BombTaxi, that's a good point of view you presented, and I wish it would work.

One of the main problems with Iran at the moment is thier president, ahmanutjob, who beleives that he's some sort of mystic and has repeatedly said nothing but unconditional death to both the U.S. and Israel.

It seems to me that if the leaders of those countries would discourage the readiness of the people to kill themselves and others, and be a little bit more relaxed, perhaps progress would be made towards a lasting peace.


----------



## Matt308 (Mar 13, 2009)

... and what would the Iraqi's have shot down a UAV with? So without anti-air assets, should the US have let the Iranian UAV go?


----------



## Bill G. (Mar 13, 2009)

How do you score that? A full kill, half kill, or no kill?

Iraq has no fighter aircraft yet. From what I read just helos and transports.

I wonder what weapon was used to shoot it down?

Bill G.


----------



## BombTaxi (Mar 13, 2009)

My point is Matt, if the Iraqis are supposed to be looking after themselves in the very near future, why do they not have the equipment to defend themselves? Who is going to shoot Iranian UAVs down for them after the US forces leave? I'm glad the US forces were on hand to deal with this situation, but they won't be around much longer. It would seem that Iraq will be very vulnerable very soon...

GG, agree totally that the current Iranian leadership is not the best to try and negotiate with (putting it mildly). At least they have shown willing to get round a table with the US and talk. A tiny step in itself, but a million miles forward from where the two parties were just a year or so ago. It won't be easy, but it is a start.


----------



## The Basket (Mar 14, 2009)

Good points Bombtaxi.


----------



## Amsel (Mar 14, 2009)

ToughOmbre said:


> From FOX News
> 
> Friday, March 13, 2009
> 
> An American fighter jet took down an Iranian drone over Iraq last month, U.S. military sources told Wired.com.


Sweet!


----------



## Golladay (Mar 15, 2009)

RabidAlien said:


> Fire away! I find it hard to believe they're seriously looking for a way to "spark renewed relations" while sending drones out. Sounds more like the Japanese continuing to persue peacetalks while simultaneously planning for and launching the attack on Pearl Harbor.



 

Our Drones probe Iranian Airspace all the time.


----------



## Golladay (Mar 15, 2009)

GrauGeist said:


> One of the main problems with Iran at the moment is thier president, ahmanutjob, who beleives that he's some sort of mystic and has repeatedly said nothing but unconditional death to both the U.S. and Israel.



 

The President never once threaten Israel or the U.S., you like many have fallen for the lie that he called for Israel to be wiped off the map.

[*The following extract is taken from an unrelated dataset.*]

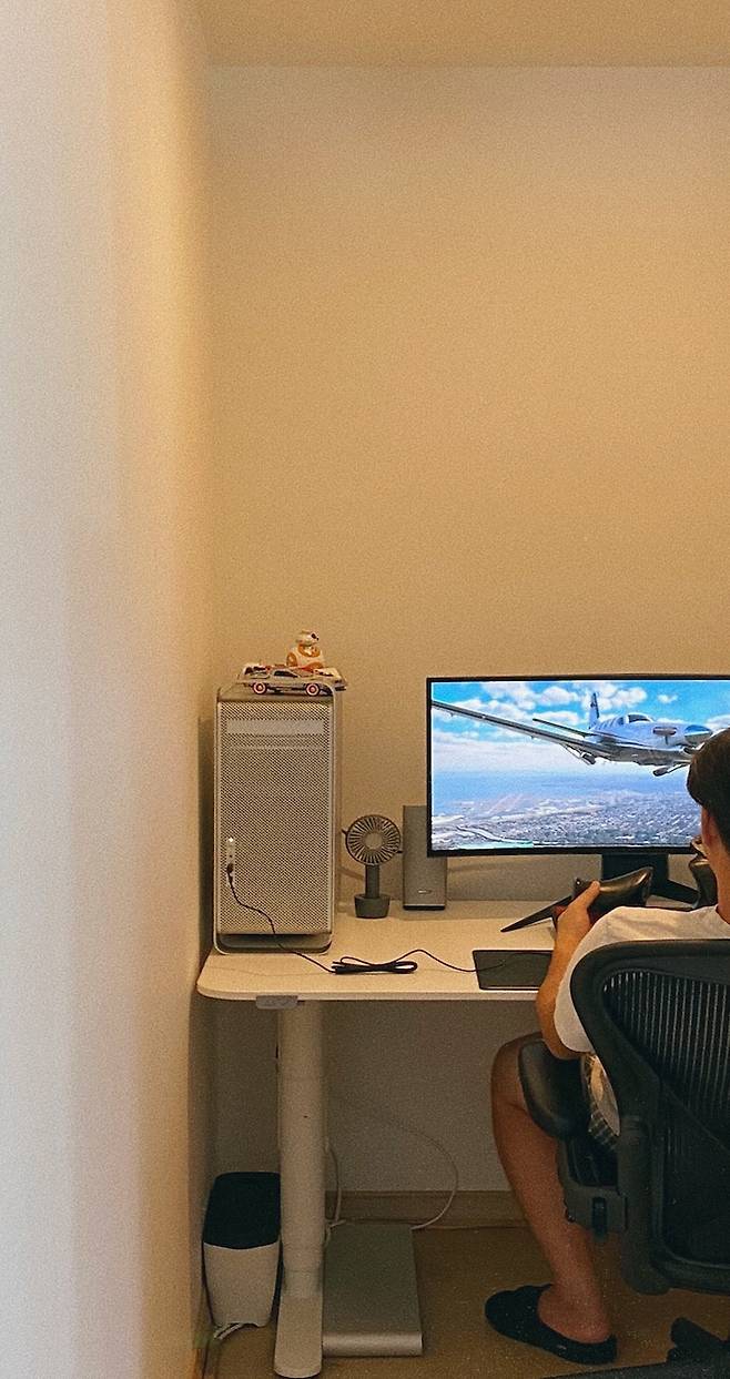 남편의 책상은 전자기기가 깔끔하게 정리되어 있어요.

This is what Mahmoud Ahmadinejad said, "Imam ghoft een rezhim-e ishghalgar-e qods bayad az safheh-ye ruzgar mahv shavad." 

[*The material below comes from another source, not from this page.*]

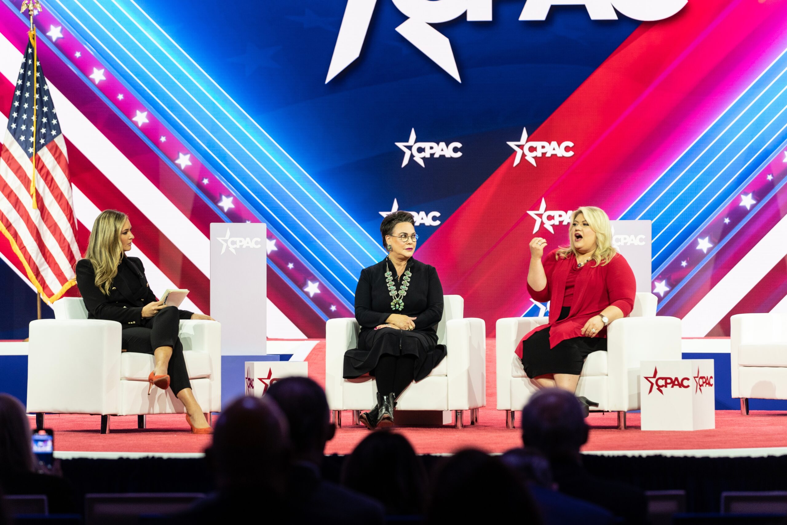Katie Pavlich in conversation with Congresswomen Harriet Hageman and Kat Cammack on the 1st day of CPAC Washington, DC conference at Gaylord National Harbor Resort Convention on March 2, 2023

Imam (Khomeini) ghoft (said) een (this) rezhim-e (regime) ishghalgar-e (occupying) qods (Jerusalem) bayad (must) az safheh-ye ruzgar (from page of time) mahv shavad (vanish from). 

Ahmadinejad has nothing against Israeli people, his beef is with the Israeli Government who has the blood of innocent civilians on its hands as it continues to wage genocide against the Palestinians.

Nor is Ahmadinejad a nut job for asserting Iran's right to enrich uranium, which under the NPT they have every right to do so and the U.S. is obligated to help them achieve this.

If Iran wants it can even go to the U.N. and demand the U.S. be sanctioned or it can simply cut Oil Production along with Venezuela and cause prices to spike.

This overlooks the fact that Ahmadinejad doesn't actually run the country, lives in an apartment in the poor part of Tehran, and when his car doesn't work, he takes the bus.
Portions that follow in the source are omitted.